▸ **Activity**
Please retype the data in full and exactly; the pictures are not part of the copy.
Input material: Begin
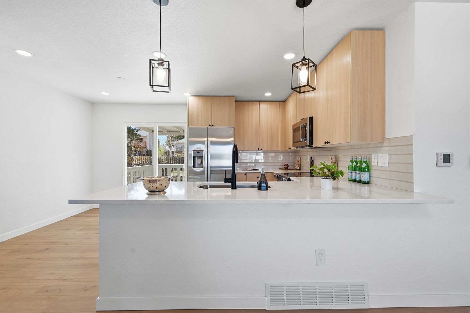Baseboards Wall, Drywall, Flat Panel Cabinets, Kitchen Bar, Kitchen Peninsula, Natural Light, Opens To Living Area, Pendant Lighting, Recessed Lighting, Stone Countertops, U Shaped Kitchen, Vent, Wood Finish Floor, Ceiling Fan, Flat Panel Cabinets, Stone Countertops
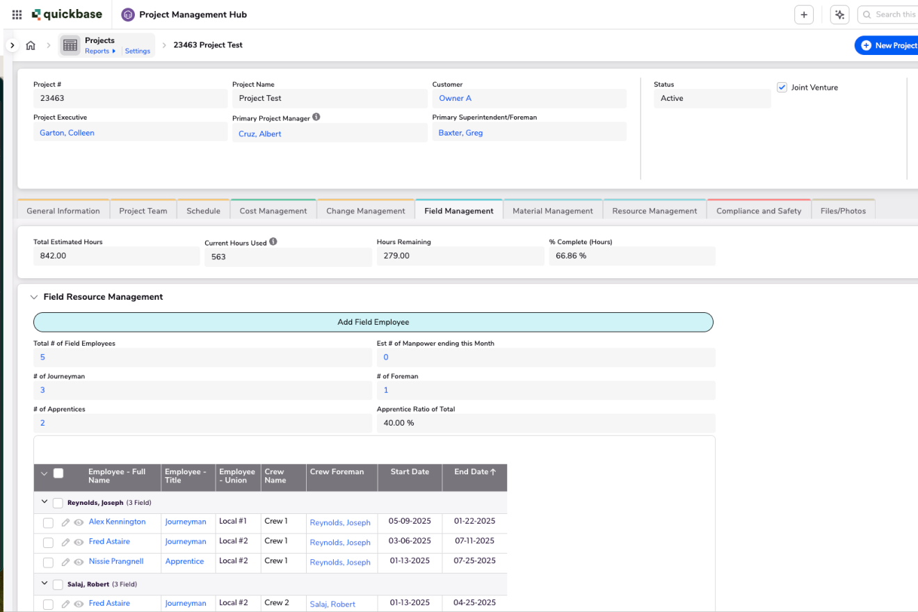 Quickbase’s Project Hub Pro App is the ultimate construction project visibility tool for general and specialty contractors, serving as the central hub for all your construction workflows. This foundational app allows you to build operations that reflect the way you work, and consolidates key project information, including financials, labor, materials, compliance, and more, into intuitive dashboards for executives, project leaders, and field teams. Stay ahead of risks, track progress in real time, and make informed decisions across all projects, all from one centralized project hub.
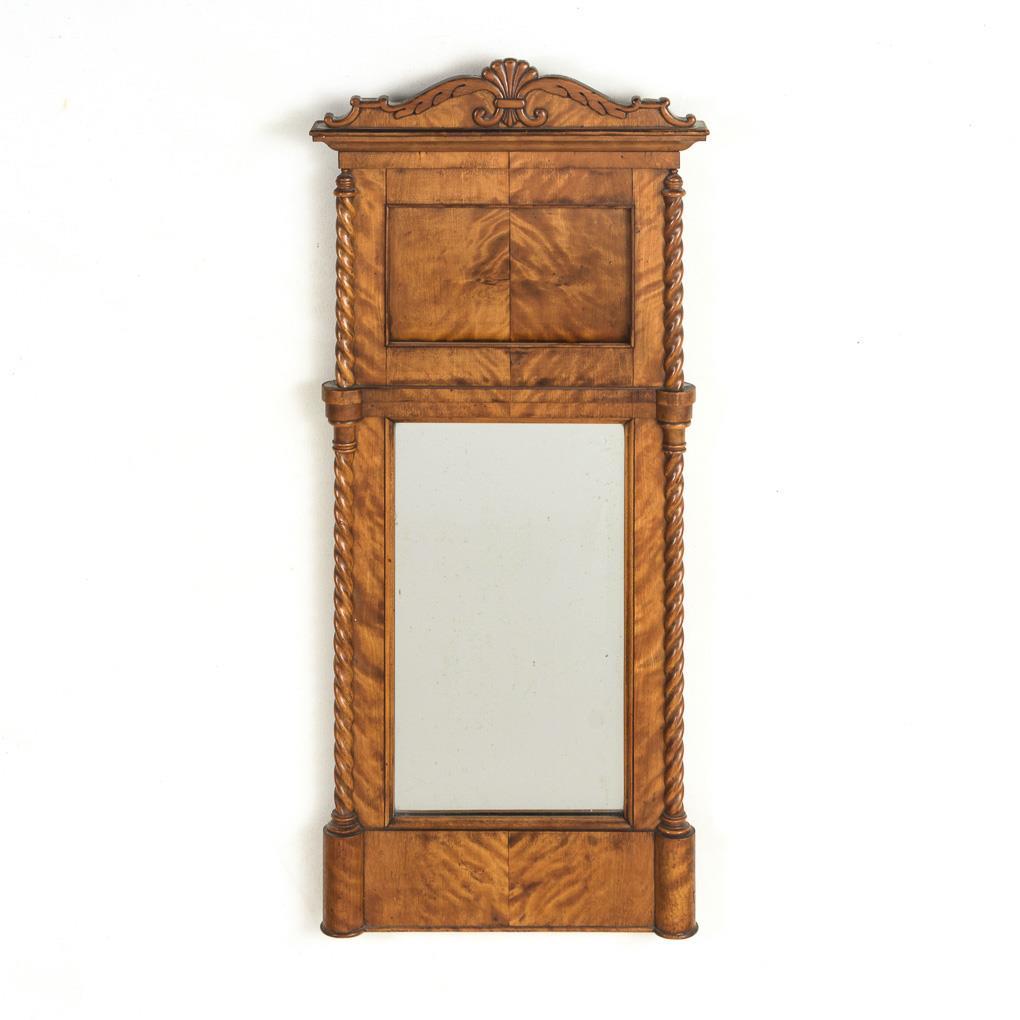 Elegant wall mirror with small cornice and curved palmette crowning, flanked by twisted columns, decorated with mirror veneer. Traces of age/use, mirror glass with small spots.
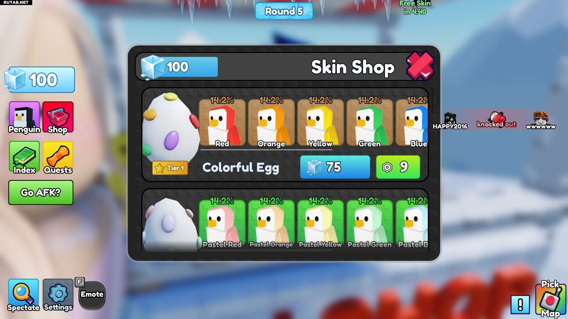 Вы получаете 20 Льда за каждый нокаут противника и 80 Льда за победу в раунде. Поднимайтесь по дивизионам за бонусы, крутите ежедневное колесо и активируйте коды. Таким образом, вы быстро накопите Лёд и получите все скины, которые выпадают из яиц.
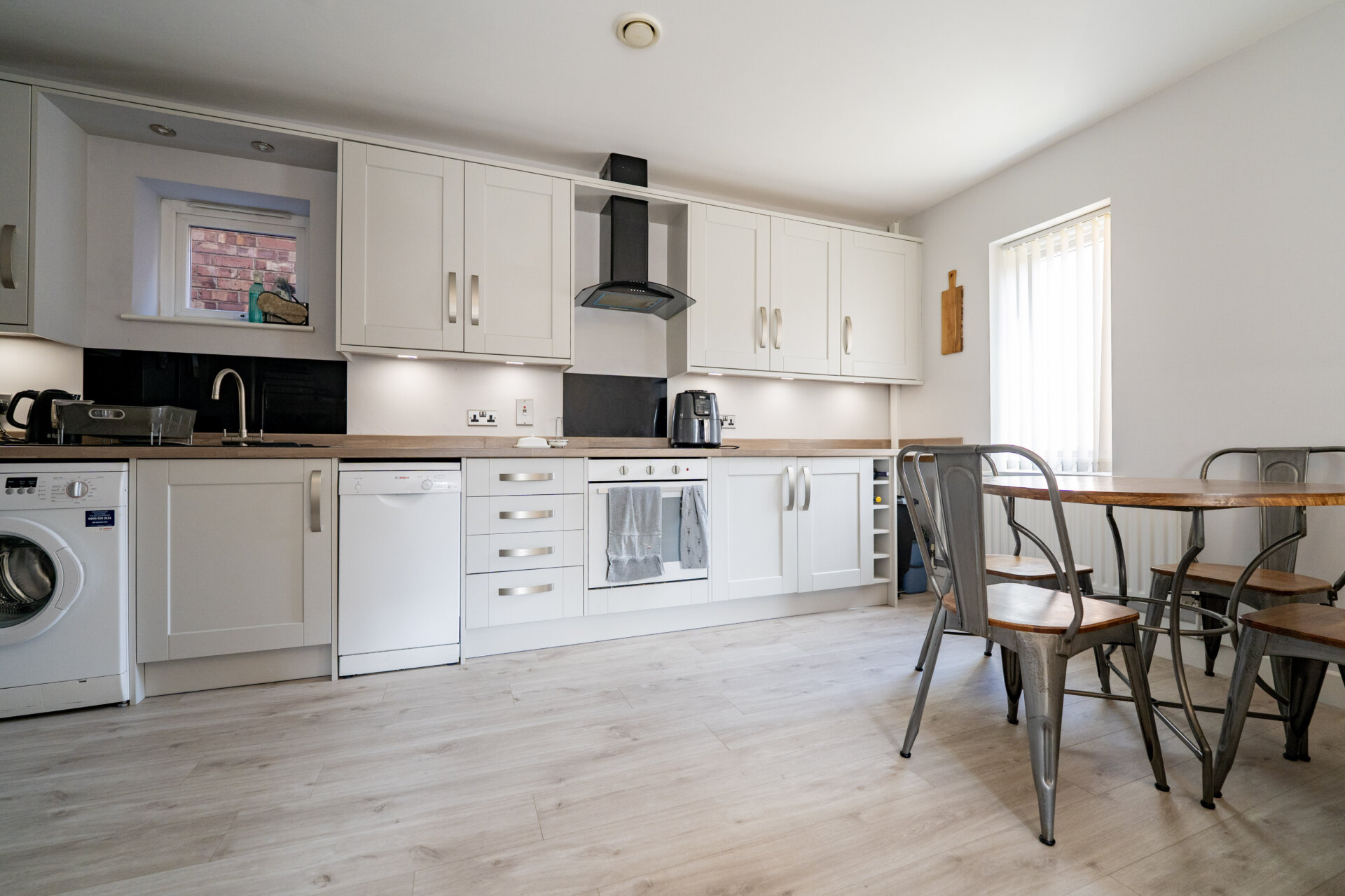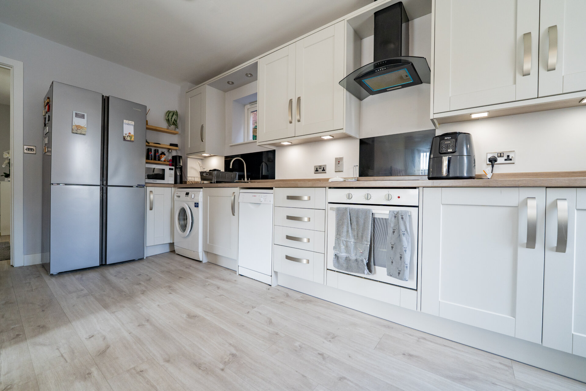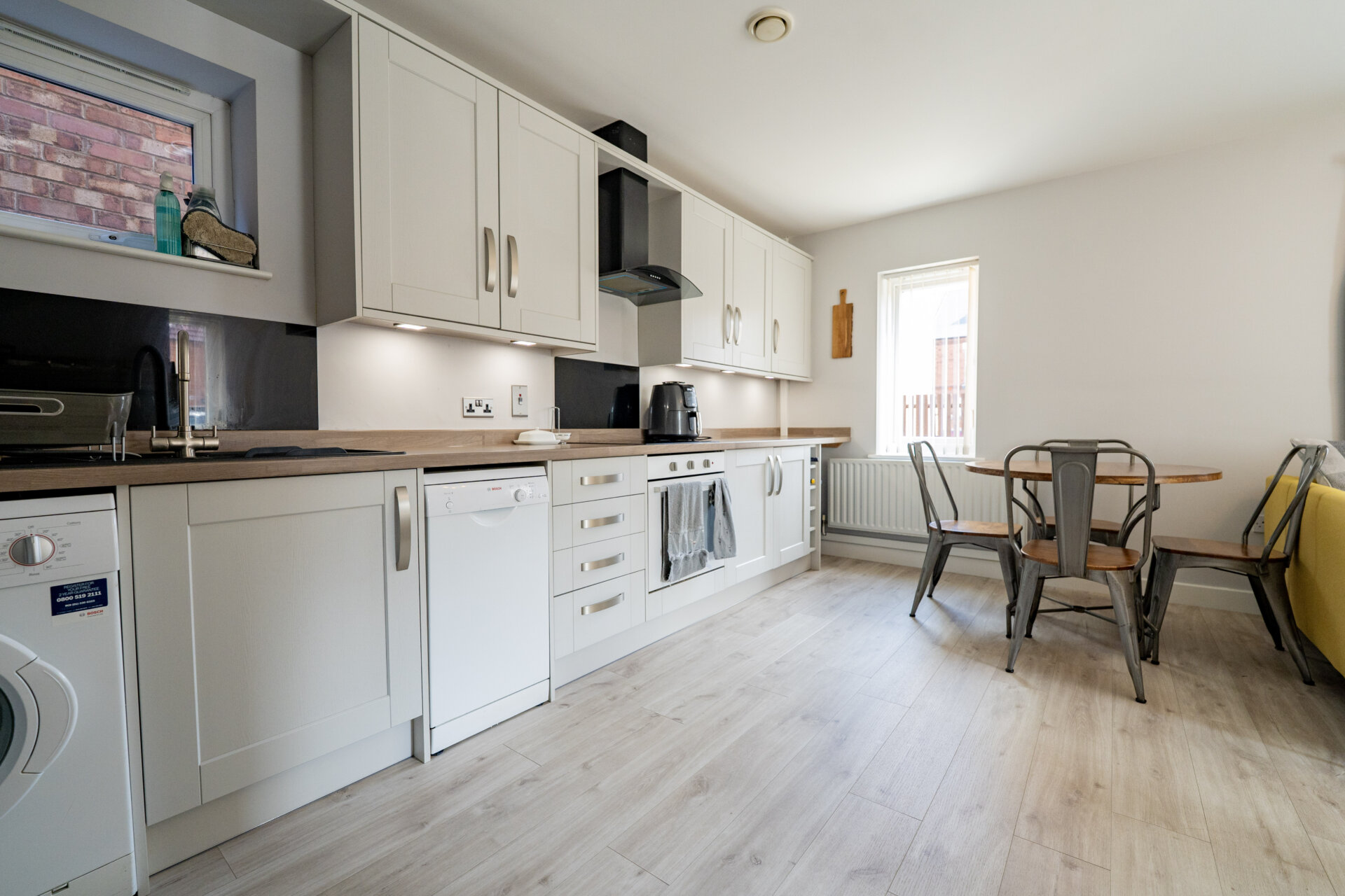 Wall, base and drawer units with work surface over, sink/waste/driainer unit with swan mixer tap over, splashbacks, spotlights, plumbing for automatic washing machine, dishwasher space, appliance space, built-in oven, electric hob and extractor hood over, x2 UPVC double glazed windows, radiator.
Input material: End
▸ **Task result**
Baseboards Wall, Drywall, Flat Panel Cabinets, Kitchen Bar, Kitchen Peninsula, Natural Light, Opens To Living Area, Pendant Lighting, Recessed Lighting, Stone Countertops, U Shaped Kitchen, Vent, Wood Finish Floor, Ceiling Fan, Flat Panel Cabinets, Stone Countertops
 Quickbase’s Project Hub Pro App is the ultimate construction project visibility tool for general and specialty contractors, serving as the central hub for all your construction workflows. This foundational app allows you to build operations that reflect the way you work, and consolidates key project information, including financials, labor, materials, compliance, and more, into intuitive dashboards for executives, project leaders, and field teams. Stay ahead of risks, track progress in real time, and make informed decisions across all projects, all from one centralized project hub.
 Elegant wall mirror with small cornice and curved palmette crowning, flanked by twisted columns, decorated with mirror veneer. Traces of age/use, mirror glass with small spots.
 Вы получаете 20 Льда за каждый нокаут противника и 80 Льда за победу в раунде. Поднимайтесь по дивизионам за бонусы, крутите ежедневное колесо и активируйте коды. Таким образом, вы быстро накопите Лёд и получите все скины, которые выпадают из яиц.
 Wall, base and drawer units with work surface over, sink/waste/driainer unit with swan mixer tap over, splashbacks, spotlights, plumbing for automatic washing machine, dishwasher space, appliance space, built-in oven, electric hob and extractor hood over, x2 UPVC double glazed windows, radiator.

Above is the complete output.